Considerando a quantidade de trolls na plateia, achei que a metáfora fazia sentido (na trilha sonora da animação Trolls da DreamWorks, há música com esse mesmo título, true colors, gravada por Justin Timberlake e Anna Kendrick).

Esse mau desempenho justifica, em parte, porque os bolsonaristas deram pouca divulgação à audiência, pela qual lutaram durante meses.

Outra parte da explicação vem de que parlamentares desse campo estavam, em bloco, tirando fotos e gravando vídeos nos EUA no momento em que brasileiros do Rio Grande do Sul enfrentavam a maior enchente de uma geração, que, entre mortos, feridos e desalojados, gerou estatísticas dignas de guerra.

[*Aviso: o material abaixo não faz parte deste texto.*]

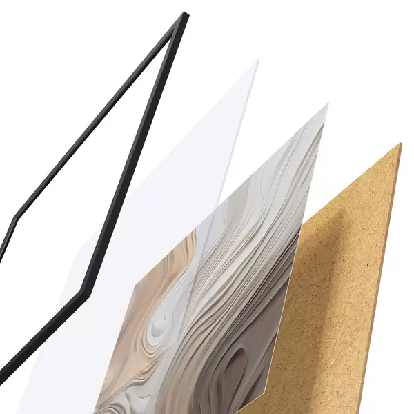 L’affiche encadrée est composée d’un cadre, d’un plexiglas, d’une image imprimée et d’un support en aggloméré. Elle est prête à être accrochée au mur grâce aux fixations situées à l’arrière.

Nisso, também me distanciei deles. Comecei meu discurso enviando meus “pensamentos e orações” às vítimas das enchentes, às quais manifestei minha irrestrita solidariedade.

Mas 24 horas depois, a maior parte daqueles congressistas estava de volta à carga nas redes sociais, espalhando desinformação sobre a enchente.

Essas fake news têm consequências reais e perniciosas

O pesquisador David Nemer, da Universidade da Virgínia, que há anos observa a movimentação da extrema direita nas redes, disse que desde a eleição de 2018 nunca viu um volume tão grande de fake news, veiculadas por meio de texto e vídeos falsos ou descontextualizados.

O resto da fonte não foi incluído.